After a great deal of development effort in PHP we have basically hit the point that it becomes more effort to make PHP do what we want compared to finding another language with the capabilities we need. Akorn has always been envisioned from the beginning as a platform for building robust applications supporting heavy computational and data requirements. PHP has been absolutely fantastic for all of the front end and much of the processing. However, when it comes to long running processes or heavy computational applications PHP just is not suited for that. Yes, we could force it to work but after some long cost/benefit analysis we decided that we needed another engine to power the backend of Akorn. We looked at all the usual suspects including C++, Ruby, Java, Perl, Python, and others. We decided Python provides us with the combination of attributes we need. This is not to knock any of the other languages in any way.
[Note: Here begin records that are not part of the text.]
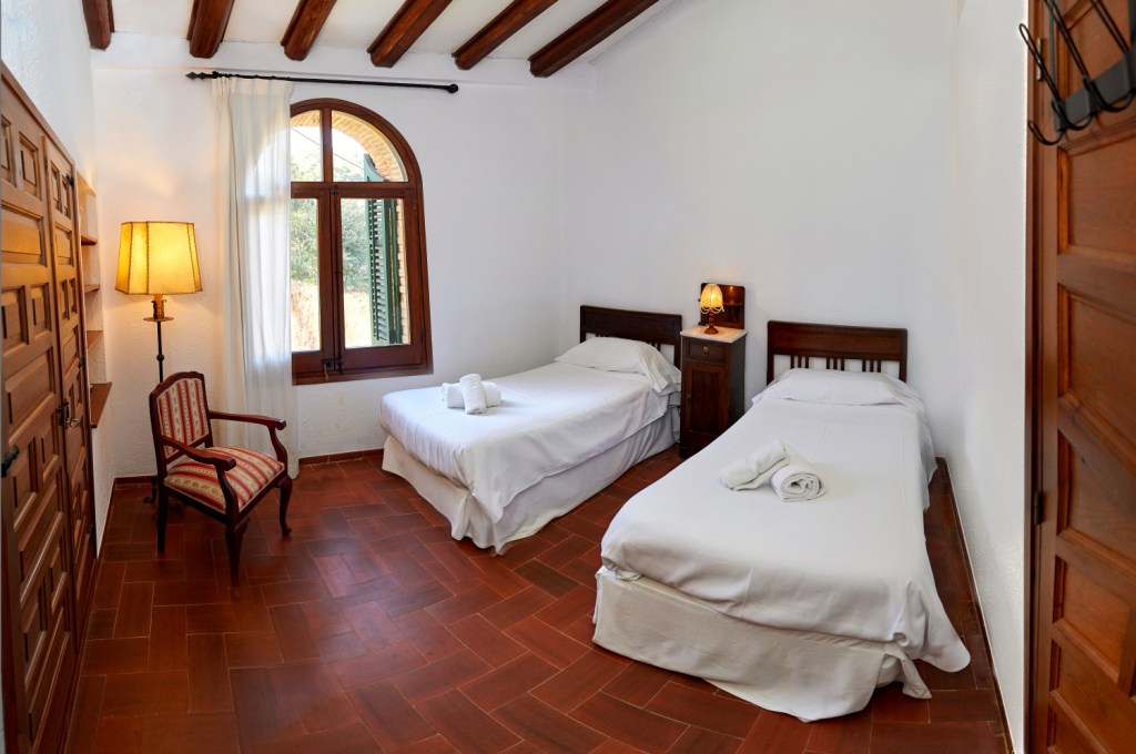A la planta superior de la casa hi ha sis habitacions dobles (tres de matrimoni), una habitació individual, dos banys complets i un lavabo de cortesia. Al centre d’aquesta planta hi ha una gran sala central, típica de les grans masies, que pot ser utilitzada com a sala d’estar i com a menjador en ocasions de festes especials.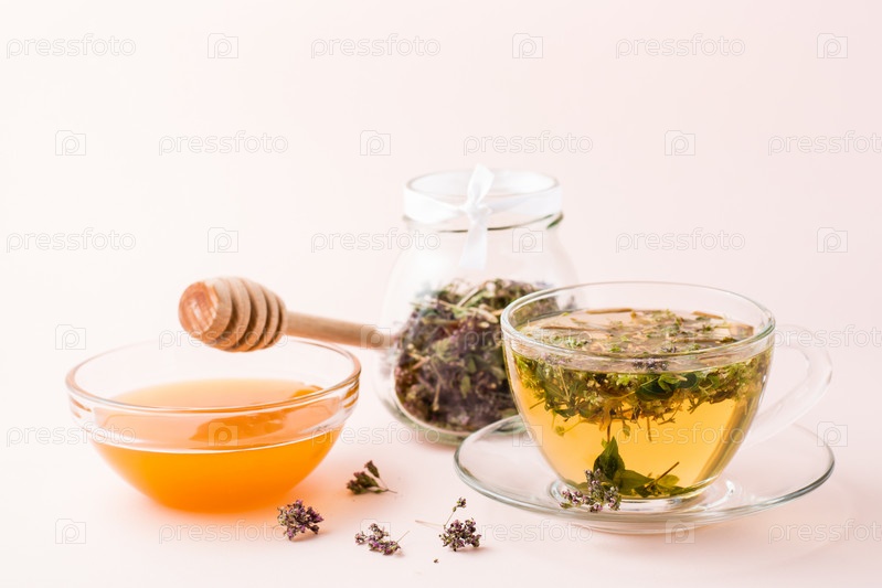Свежий горячий чай с орегано в чашке, мед в миске и сухая трава в банке. Фитотерапия и альтернативная терапия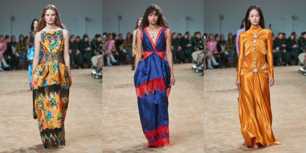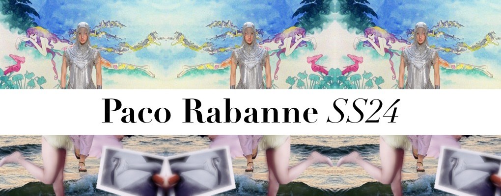 Julien Dossena‘s autumn-winter 2023 collection for Paco Rabanne was an homage to the late founder of the brand, who passed away this February. In his most convincing offerings for the house, Dossena revisited Rabanne’s design heritage through a contemporary, not overly literal lens. This collection, however, felt more like a straightforward tribute which ranged from Paco Rabanne’s famous space-age era to less-known surreal phase (echoed in Salvador Dali paintings used as prints for the eveningwear; the surrealist was Paco’s friend). There was of course plenty of chain-mail, used in mini-dresses that looked exactly like the ones the brand’s founder did in the 1960s. According to videos from the show that flood social media, all the metallic looks gave comforting, ASMR-sound effect. Indeed, Dossena’s voice felt exceptionally silent in this collection due to its nature. Let’s treat it more like a run-through Rabanne’s legacy, fit for the label’s client in 2023.

Python just provides us with the foundation necessary to realize the full Akorn vision with the least amount of overhead.
In our evaluation process we scoured the web for information and even called in some life-lines from those who have used various languages. I think this exchange with a long time user of Python, Perl, and PHP is illustrative, at least for us, why we are making the move to Python.
On to details:
Perl seems like a strong contender but Python seems more in line with building out applications rather than a set of scripts. So we have landed on Python as our choice thus far.
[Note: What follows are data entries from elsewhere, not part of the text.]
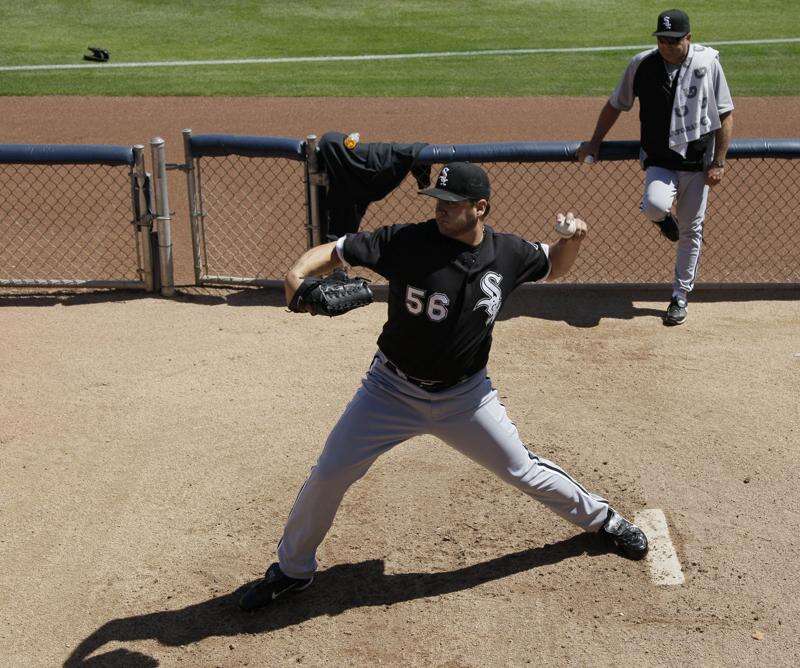 White Sox pitching coach Don Cooper watches starting pitcher Mark Buehrle warm up before SundayÂ’s spring-training game against the Milwaukee Brewers. Associated Press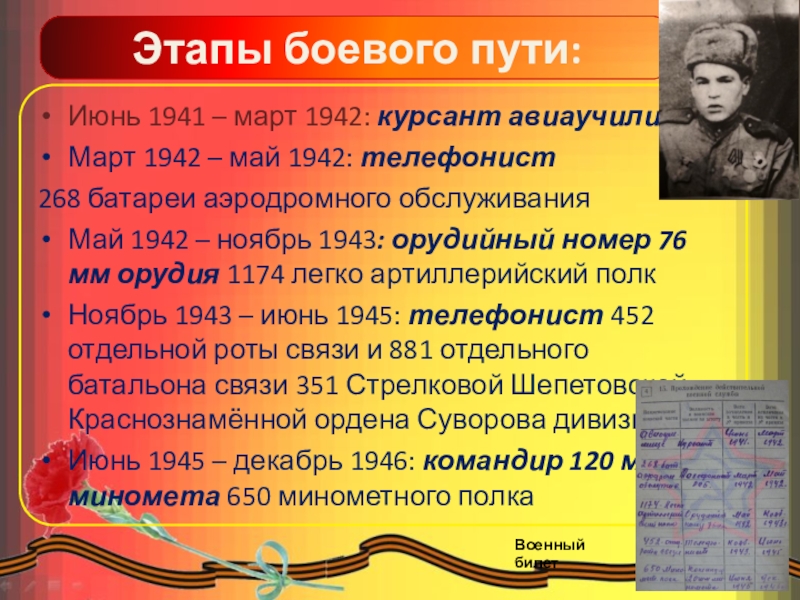 Июнь 1945 – декабрь 1946: командир 120 мм миномета 650 минометного полка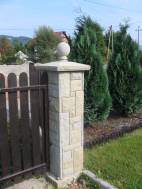 Сегодня одно из самых востребованных конструкций ограждения — забор из бетонных столбов оригинальной формы с деревянным заполнением. Забор будет выглядеть так: бетонные столбы, а между ними — деревянная "основа". Причем бетон по желанию заказчика может быть окрашен в любой цвет. Можно заказать столбы с имитацией под "дикий" необработанный камень (рустик).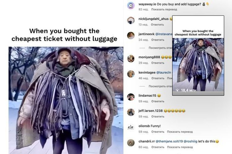 В Instagram для американського агрегатора WayAway я пожартувала, що, аби уникнути додаткової плати за багаж, вдягнула всі речі на себе. Цей жарт зібрав 18 мільйонів переглядів і привів понад 5000 нових підписників.

Perl v. python: definitely a well-hashed debate, but I'll just say this: I developed scientific tools and software in perl largely for use by myself and the members of my lab for five years. One day, mostly on a lark, I spent about 6 hours with an online intro called dive into python (I believe it's just diveintopython.com <http://diveintopython.org/> ). That month, I reimplemented the majority of what was good about the previous 5 years' development, and extended my core codebase in several directions I had just never been able to get perl to “go”. The keys are modularity and readability; a few simple language builtins for commenting, and the interactive interpreter. It wasn't until I started grinding on things that I discovered my python code also executed somewhere between 10 and 1000x faster than the equivalent perl (I'll get into why in the “arrays” section below
So that is the background. What I'm most concerned with is development speed and run-time speed. PHP has been super easy to use and we have made a lot of progress with it. It is also fast and runs on virtually all platforms. I've heard Perl and Python are supposed to be equivalent or better. Here are some quick questions:
When I was at pitt, I worked primarily in PHP, essentially as a way to get data into and out of SQL databases (postgre and mysql). Again, everything I did in two years could be replicated in literally a few dozen lines of python–primarily this is because the portability and readability mentioned above mean that tools developed out in the user community (of which there are many) are robust and generally very well documented, and the core library includes fantastic “batteries included” database interfaces (more below). Again, it's only icing that execution speeds over PHP are again orders of magnitude!
Are you using Python for serving http data? If so, do you find it fast and reliable? Are you running through Apache?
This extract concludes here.